Dip the chicken chunks into the whisked eggs and then into the flour mixture.
Shake off to the excess and set to the side.
Repeat until all chicken is coated.
Heat up your pressure cooker: press Sauté.
Wait for the Instant Pot indicator to read HOT. Add the oil to the hot
Instant Pot, add the chicken and sauté for 2-3 minutes.
Turn your chicken over and over for an even cook.
Cook until it just starts to get golden brown.
Remove the chicken and set to the side.
Deglaze the pot with 1/4 cup orange juice and scrape them with a wooden spoon.
Add the Sauce ingredients to the pot.
Stir gently until all the ingredients are combined.
Add the chicken and toss until they are coated in sauce.

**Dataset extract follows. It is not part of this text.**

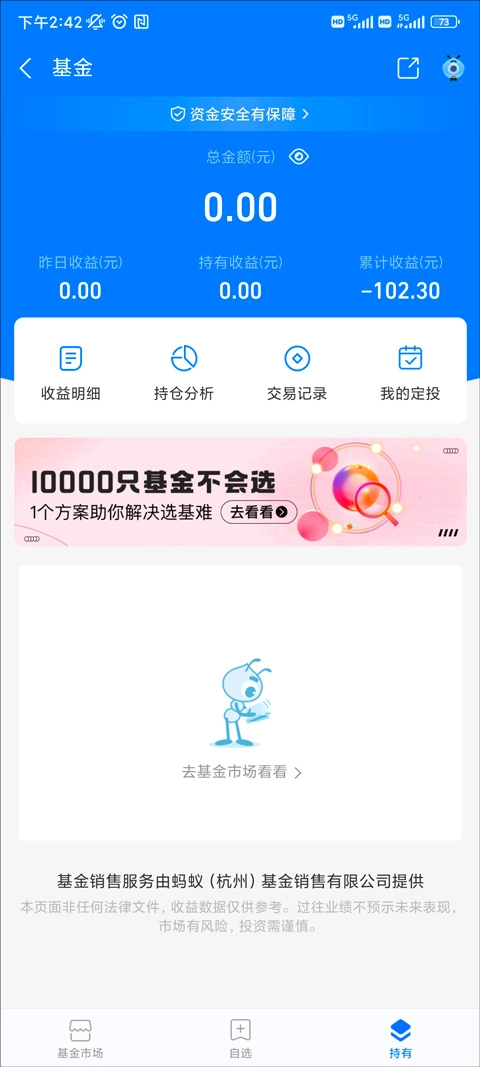 4、进入基金页面后,你可以在此查看自己添加的自选基金以及持有的基金。
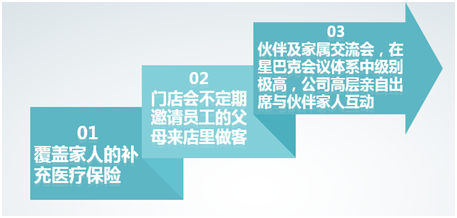 2、伙伴识天下计划 & 伙伴回家计划:员工可以申请到不同地区甚至海外门店工作,或者申请回到家乡门店。

Close lid, select Manual, and select 5 minutes on High Pressure.
Make sure the vent is closed. Use a 10 minute Natural Release.
Turn off the heat.
Release the remaining pressure by opening the vent. Open the lid.
Select again the Sauté function.
In a medium bowl combine 2 tablespoons of cornstarch with the orange juice, whisk until all combined with no lumps.
Add the mixture to the Instant Pot and gently stir to combine.
Simmer for 2-3 minutes.
Turn the instant pot off.
Allow the chicken to thicken for 5 minutes.
Serve over rice and garnish with fresh chopped green onions, red chilis, and extra orange zest.